Tuesday, August 9, 2016

Singapore's 51st National Day

I want to wish all my Singaporean friends a Happy and Blessed 51st National Day. Having been born in 1964, less than a year after Malaysia came into being on 16th September when Singapore was still a part of Malaysia and just over year before Singapore's declaration of independence on 9th August 1965, I find myself frequently caught between the love for these two countries. Even now, I struggle to decide whether I should remain in Sabah or perhaps consider returning to Singapore for the second last leg and phase of my ministry. Singapore has many advantages, not least the strength of the Sing dollar and also the extended retirement age to 67.

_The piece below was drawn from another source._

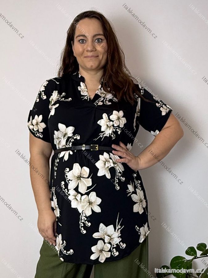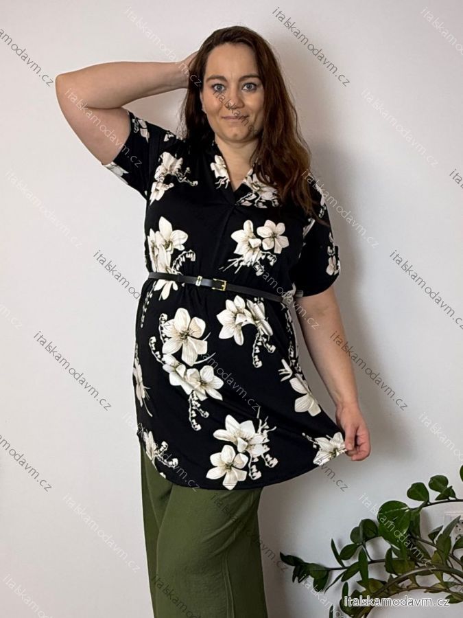 Šaty/tunika košeľová s opaskom krátky rukáv dámske FLOO (52/54/56 ONE SIZE) TALIANSKA MóDA IM3261112-2/DU čierna

I have a good solid 15 years to contribute to Singapore should I return before entering my final phase which should not take much beyond the age of 70, at most 75 years old. Then I hope to enjoy my golden retirement years, if still healthy in writing books, spending time with grandchildren and teaching them Greek (I have none at the moment) and watching test cricket that can go on 5 days without a result. What idyllic life in New Zealand or perhaps in Sabah or Singapore for my retirement. This is somewhat wishful thinking but as a servant of God there is no better way to go to meet the Lord in a blaze of glory as a martyr for His name's sake. For I have called you not only to believe in Him but also to suffer for His name's sake (Phil 1:29).

Singapore desperately needs an identity and a soul to further progress as a nation among nations in the world. Wealth, modernity, clean streets and good governance are all good but without a soul and a national identity a country cannot go very far. Singlish will not unite Singaporeans even though we might have a laugh or two when we speak it. As far as spoken English is concerned I speak standard English at all times, only rarely adding a "lah" when the occasions call for. Whether one calls it the Queen's English or Oxford English is not important but we should speak good and grammatically correct and if possible idiomatic English. Every language has its idioms and speaking them well only adds to the love and flourishing of the language. It's raining cats and dogs, I told a friend the other day. I used idioms all the time, perhaps due to my love for poetry and literary expressions and nuances. For Singapore and Singaporeans you deserve a great 51st National Day.